**Aim of the exercise**: Repeat the listing word for word. Leave every picture out.

▼▼▼

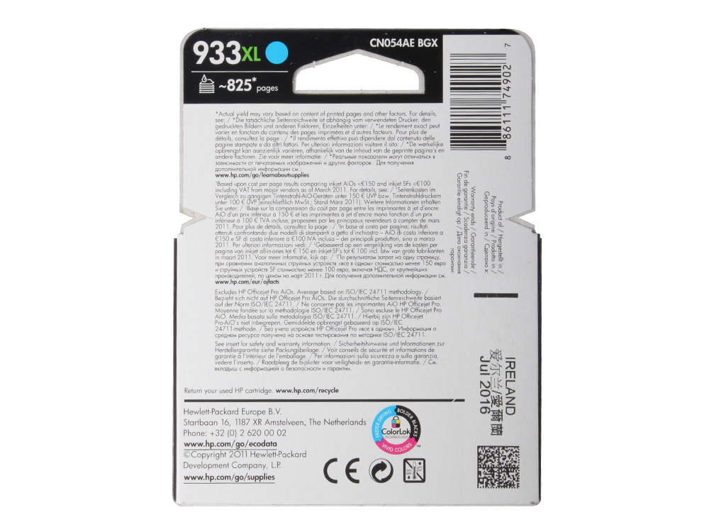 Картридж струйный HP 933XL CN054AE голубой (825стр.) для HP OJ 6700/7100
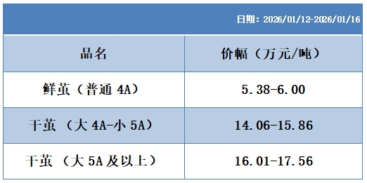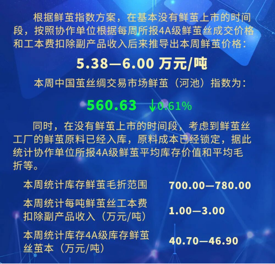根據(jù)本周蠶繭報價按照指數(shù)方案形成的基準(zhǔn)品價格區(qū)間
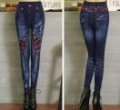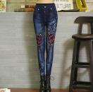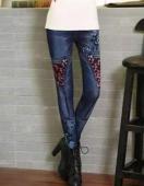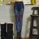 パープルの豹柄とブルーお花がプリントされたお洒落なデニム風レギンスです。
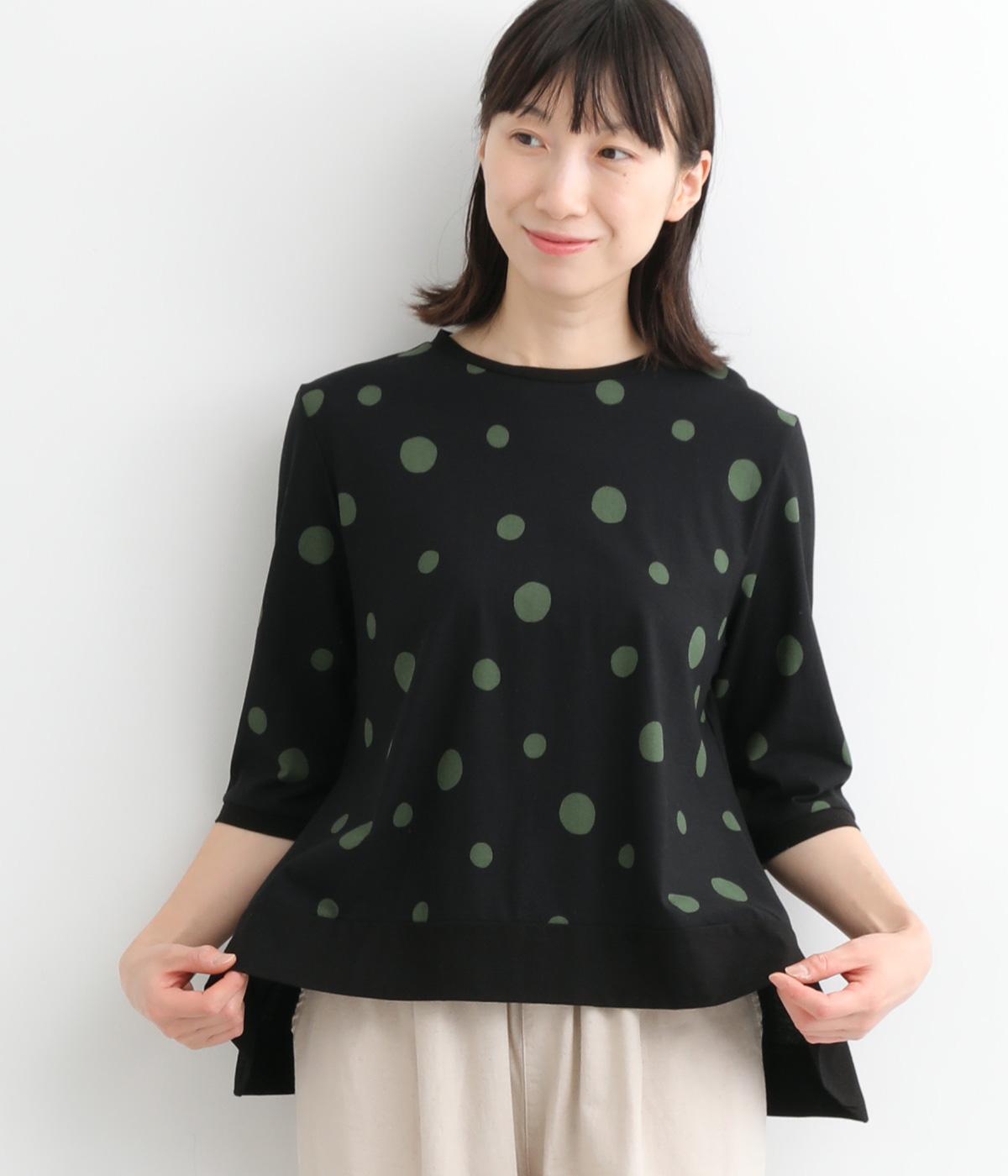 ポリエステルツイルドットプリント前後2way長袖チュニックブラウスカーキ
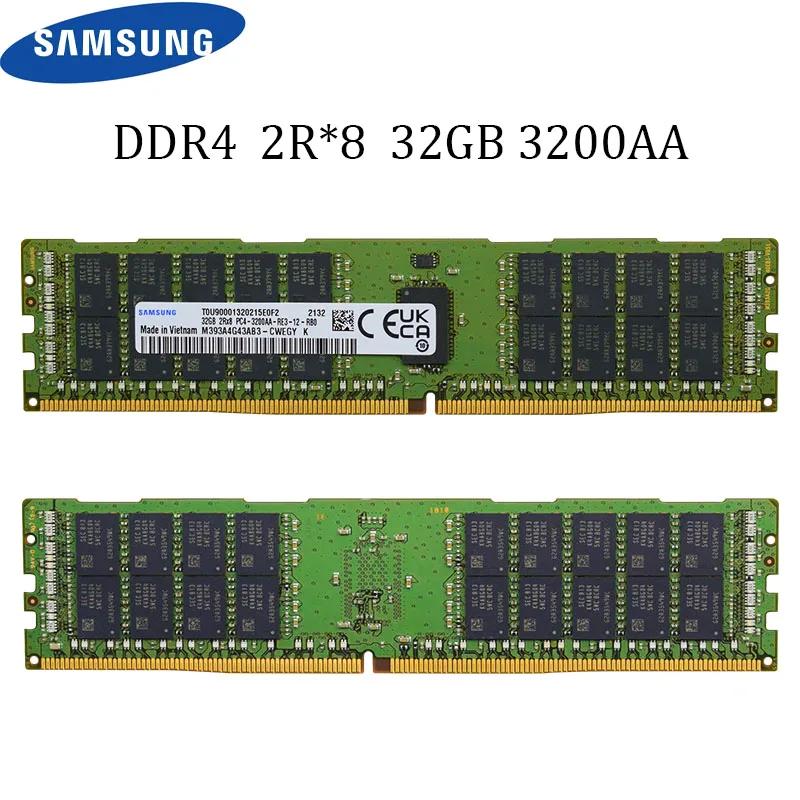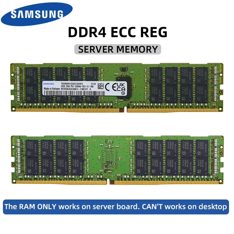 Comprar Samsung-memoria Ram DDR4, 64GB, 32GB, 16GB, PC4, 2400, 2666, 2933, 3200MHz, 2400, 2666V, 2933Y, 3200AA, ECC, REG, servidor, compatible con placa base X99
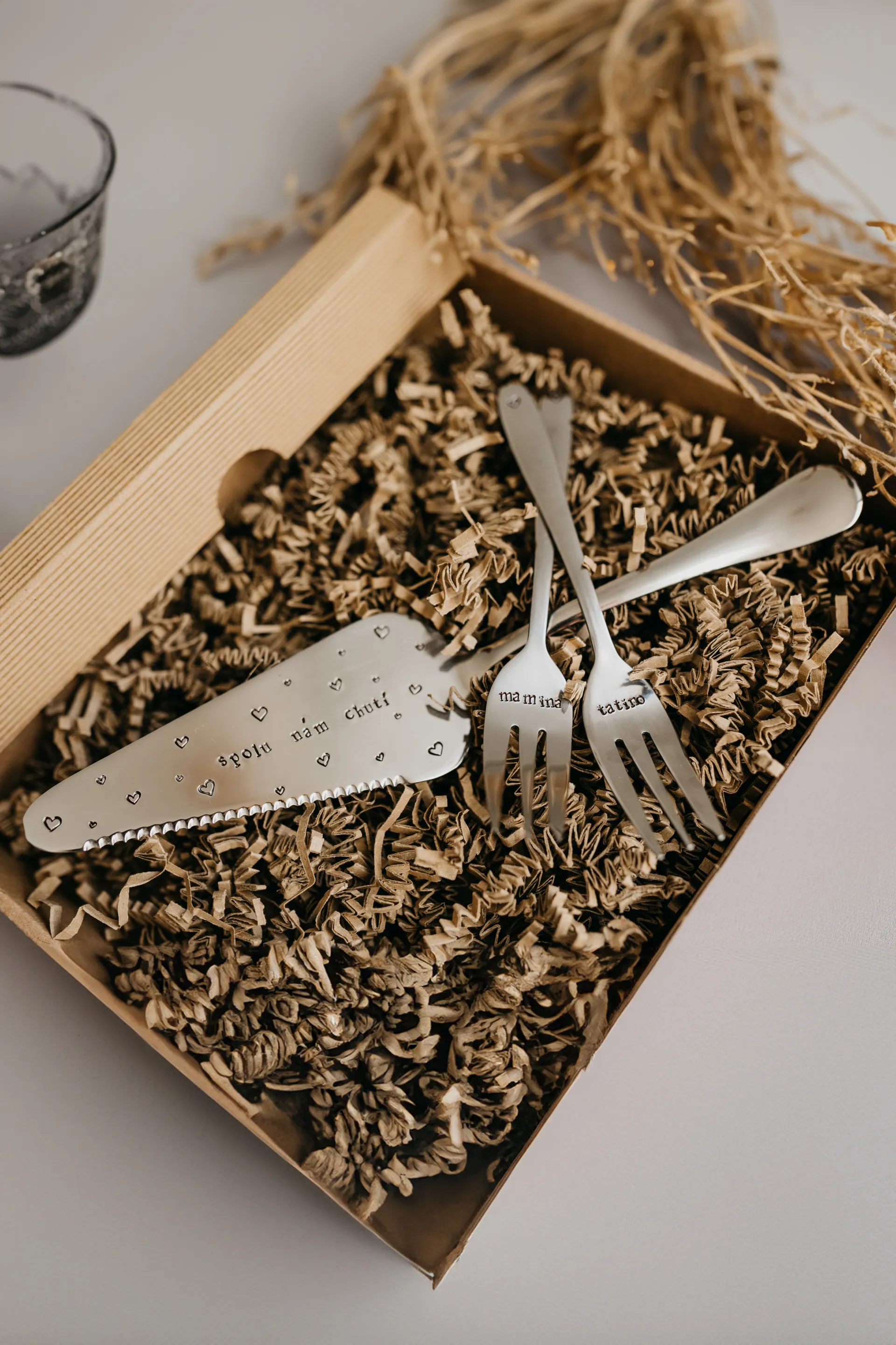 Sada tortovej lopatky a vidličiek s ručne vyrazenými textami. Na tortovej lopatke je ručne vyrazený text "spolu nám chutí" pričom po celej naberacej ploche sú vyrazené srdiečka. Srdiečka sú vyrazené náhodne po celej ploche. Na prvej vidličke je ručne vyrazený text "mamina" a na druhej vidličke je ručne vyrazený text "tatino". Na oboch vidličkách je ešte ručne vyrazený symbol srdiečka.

▲▲▲

**Answer below**:
 Картридж струйный HP 933XL CN054AE голубой (825стр.) для HP OJ 6700/7100
根據(jù)本周蠶繭報價按照指數(shù)方案形成的基準(zhǔn)品價格區(qū)間
 パープルの豹柄とブルーお花がプリントされたお洒落なデニム風レギンスです。
 ポリエステルツイルドットプリント前後2way長袖チュニックブラウスカーキ
 Comprar Samsung-memoria Ram DDR4, 64GB, 32GB, 16GB, PC4, 2400, 2666, 2933, 3200MHz, 2400, 2666V, 2933Y, 3200AA, ECC, REG, servidor, compatible con placa base X99
 Sada tortovej lopatky a vidličiek s ručne vyrazenými textami. Na tortovej lopatke je ručne vyrazený text "spolu nám chutí" pričom po celej naberacej ploche sú vyrazené srdiečka. Srdiečka sú vyrazené náhodne po celej ploche. Na prvej vidličke je ručne vyrazený text "mamina" a na druhej vidličke je ručne vyrazený text "tatino". Na oboch vidličkách je ešte ručne vyrazený symbol srdiečka.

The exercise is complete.